The Strength in Asking for Help
Asking for help is not a sign of weakness—it's a sign of wisdom. It means you understand that you don't have to carry everything alone. It means you recognize that human beings are meant to support each other.
When you ask for help, you give other people the opportunity to show up for you. You allow them to be part of your journey. You create connections that can sustain you through the hardest times.
Embracing Your Complexity
You are not a simple person with simple emotions.
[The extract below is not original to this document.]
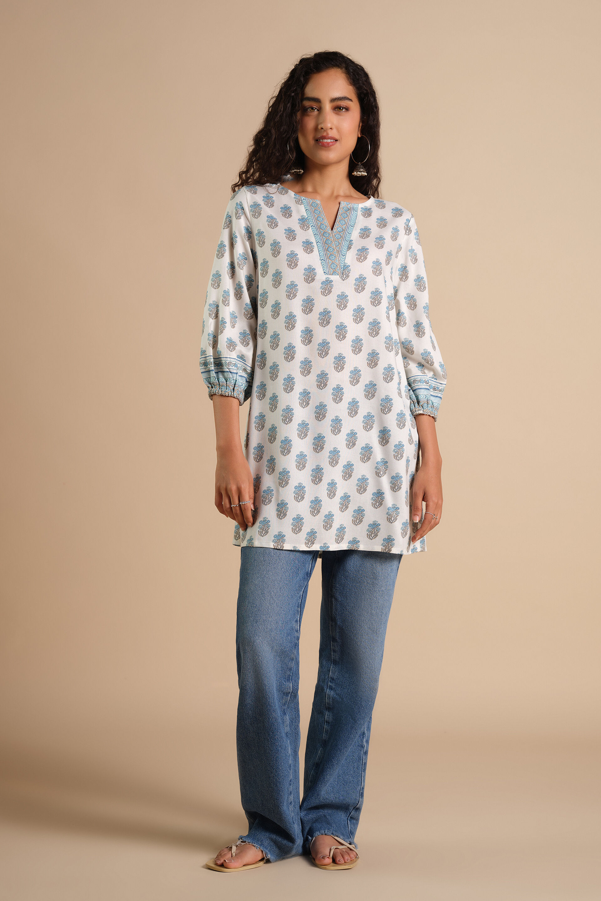 For days you're in the mood to keep it relaxed, go for this fuss-free and elegant top. It comes with nature-inspired prints, three-quarter sleeves & a round neckline. Featuring a border detailing on the sleeves & neckline, this top is crafted in soft & flowy viscose fabric for ease & comfort. Pair it with flared pants, silver bangles & trailing earrings to complete your look.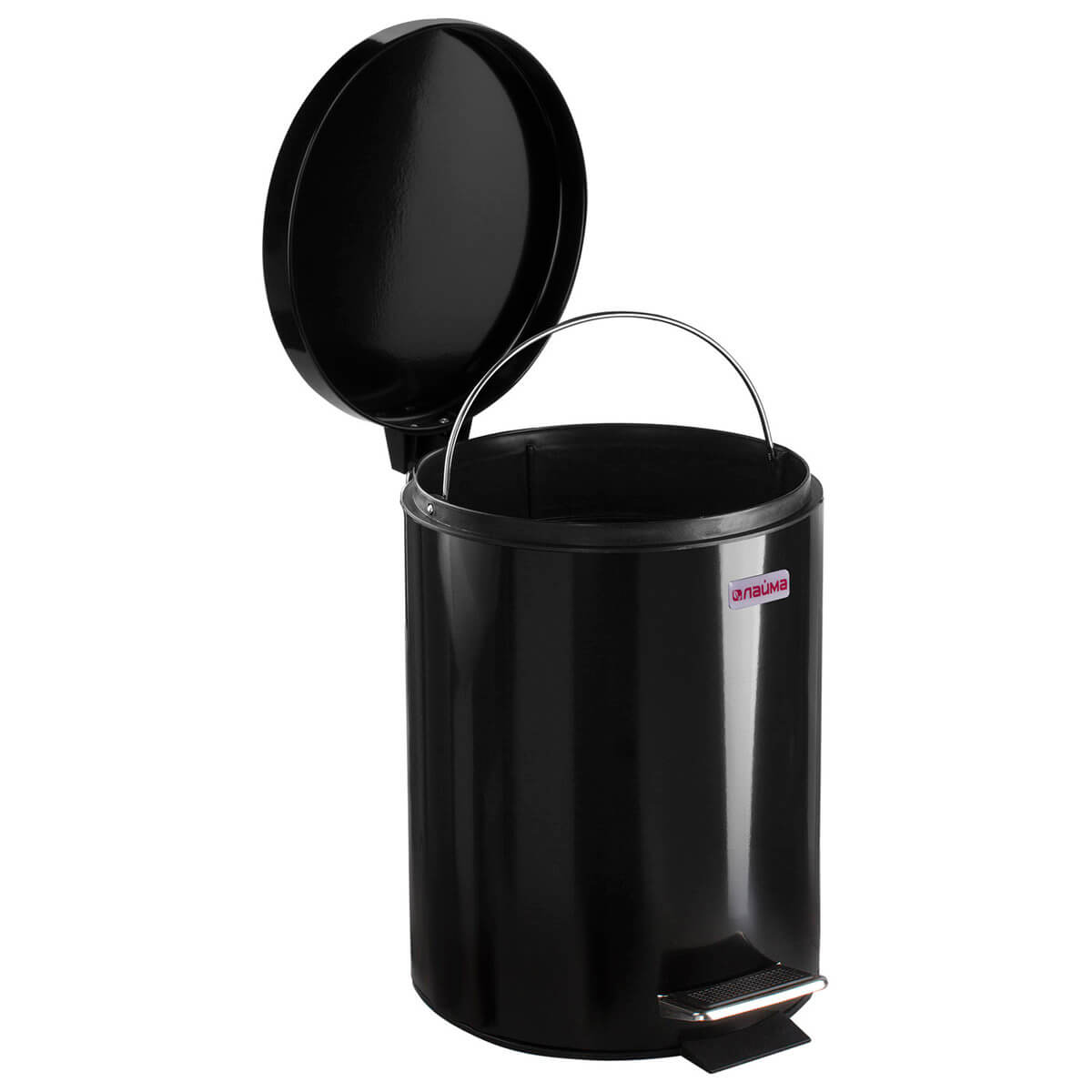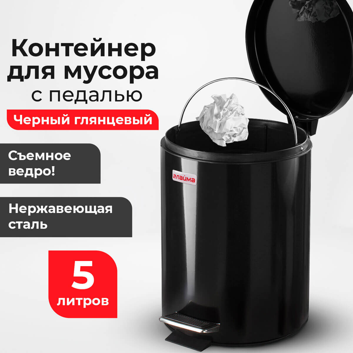 Ведро-контейнер для мусора (урна) с педалью LAIMA Classic, 5 л, черное, глянцевое, металл, со съемным внутренним ведром

You are complex, multifaceted, and capable of holding seemingly contradictory feelings at the same time. You can be grateful and angry, hopeful and scared, strong and vulnerable.
This complexity is not a flaw—it's what makes you human. It's what makes your story worth telling and your journey worth walking. Don't try to simplify yourself to make others comfortable. Embrace the full spectrum of who you are.
The Power of Self-Compassion
Perhaps the most important aspect of embracing vulnerability is learning to be kind to yourself. When you're struggling, you might be tempted to judge yourself harshly, to tell yourself you should be handling things better, to compare your journey to others'.
But what if you treated yourself with the same compassion you would offer a friend? What if you reminded yourself that it's okay to not be okay, that you're doing the best you can, that you deserve love and support even when you're struggling?
A Message of Permission
To everyone reading this: you have permission to feel everything. You have permission to not be okay. You have permission to ask for help. You have permission to be vulnerable.
Your feelings are valid. Your struggles are real. And you are not alone.